↓

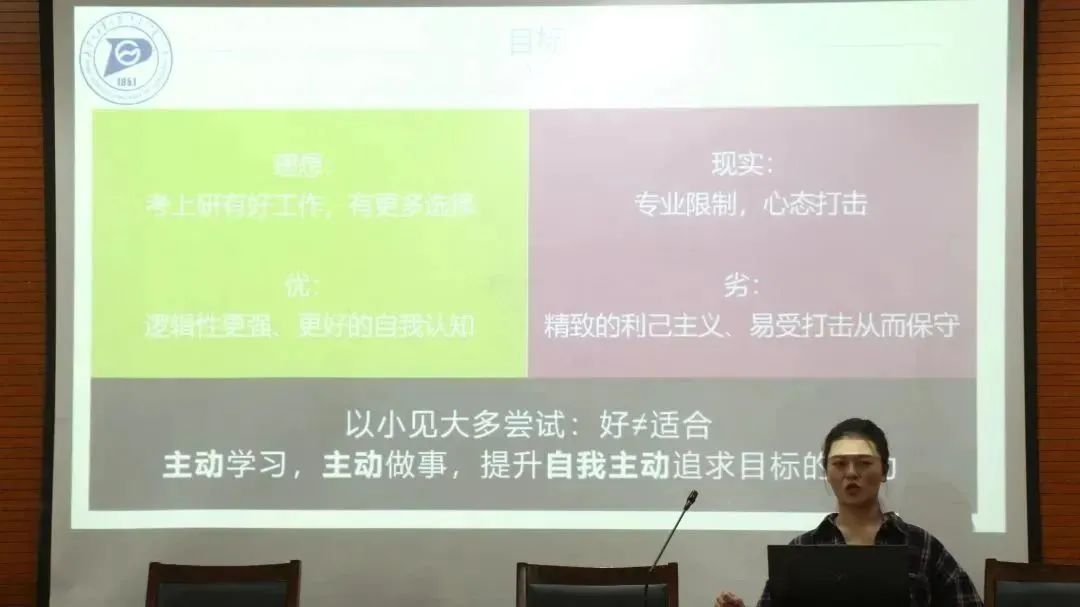 宣讲会中,首先由田蕾同学以“提升自我,启航未来”为主题为大家介绍毕业后继续学术深造的重要性,并且根据目前考研形势提醒大家“现在稳不代表未来稳”。强调要分清里程碑和终极目标。在宣讲最后,田蕾同学还为大家提供了小建议。
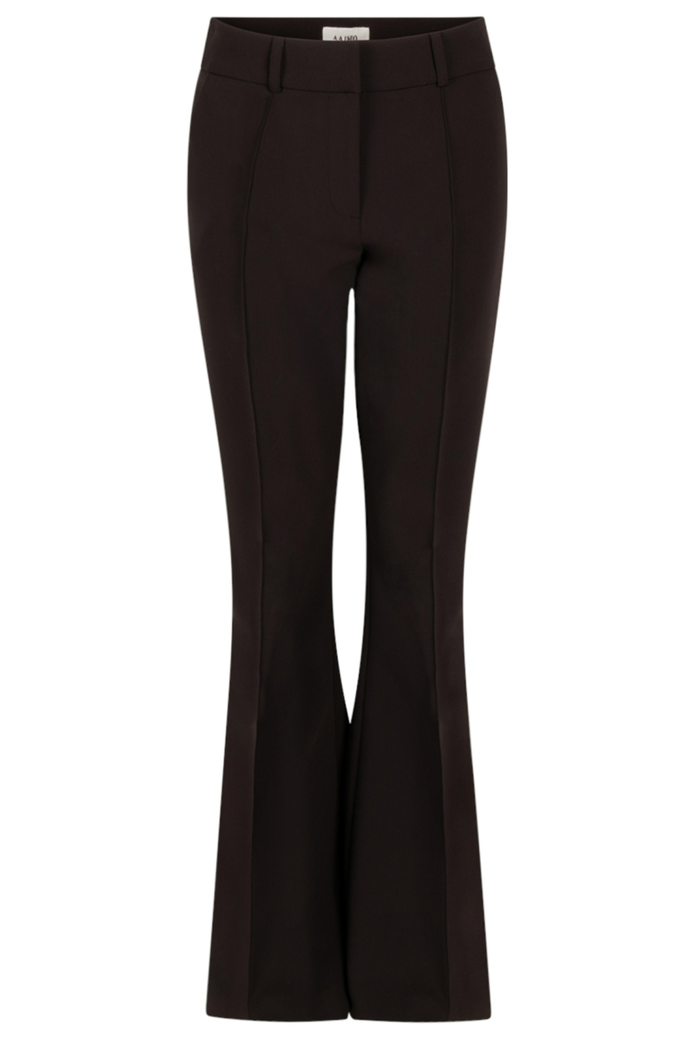 De normale lengte en flared pijpen geven je benen een prachtige lijn en zijn gemakkelijk te combineren met diverse outfits. Of je nu kiest voor een elegante blouse of een casual top, deze broek past zich moeiteloos aan. De zwarte kleur maakt het eenvoudig om te matchen met verschillende kleuren en materialen, zodat je altijd een stijlvolle look kunt creëren. Voeg deze klassieke Aaiko broek toe aan je collectie voor een tijdloze en veelzijdige stijl.
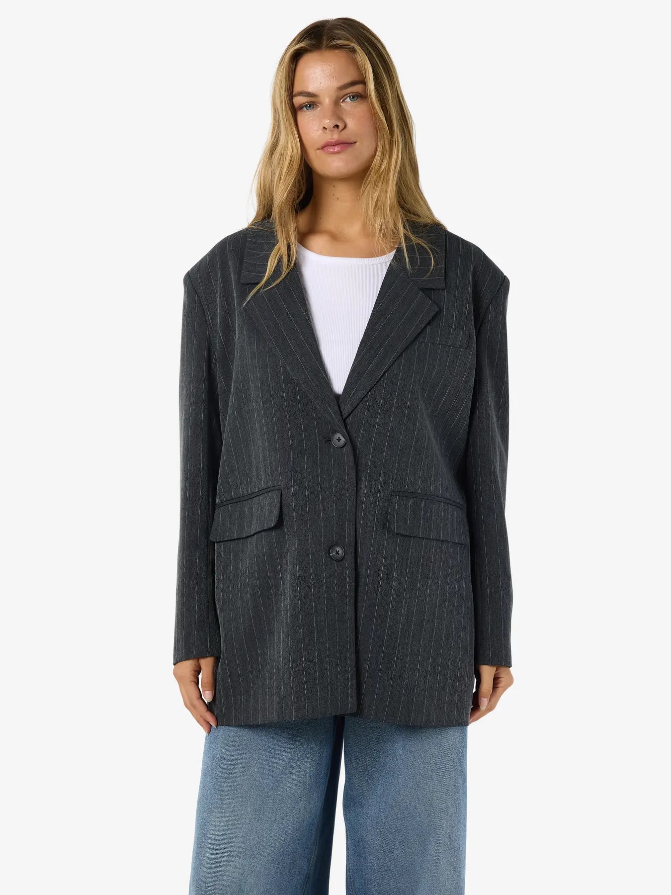 Celia Blazer fra Noisy May er en moderne mørkegrå blazer med et afslappet oversize fit. Den har klassisk reverskrave, knaplukning og praktiske forlommer, som giver et tidløst og stilrent look – perfekt til både hverdag og pænere brug.

↑

• **Problem statement**: Please write out, exactly, every line from the line with "De normale lengte" through the final line of the data above, leaving out pictures.

• **Response area**:
 De normale lengte en flared pijpen geven je benen een prachtige lijn en zijn gemakkelijk te combineren met diverse outfits. Of je nu kiest voor een elegante blouse of een casual top, deze broek past zich moeiteloos aan. De zwarte kleur maakt het eenvoudig om te matchen met verschillende kleuren en materialen, zodat je altijd een stijlvolle look kunt creëren. Voeg deze klassieke Aaiko broek toe aan je collectie voor een tijdloze en veelzijdige stijl.
 Celia Blazer fra Noisy May er en moderne mørkegrå blazer med et afslappet oversize fit. Den har klassisk reverskrave, knaplukning og praktiske forlommer, som giver et tidløst og stilrent look – perfekt til både hverdag og pænere brug.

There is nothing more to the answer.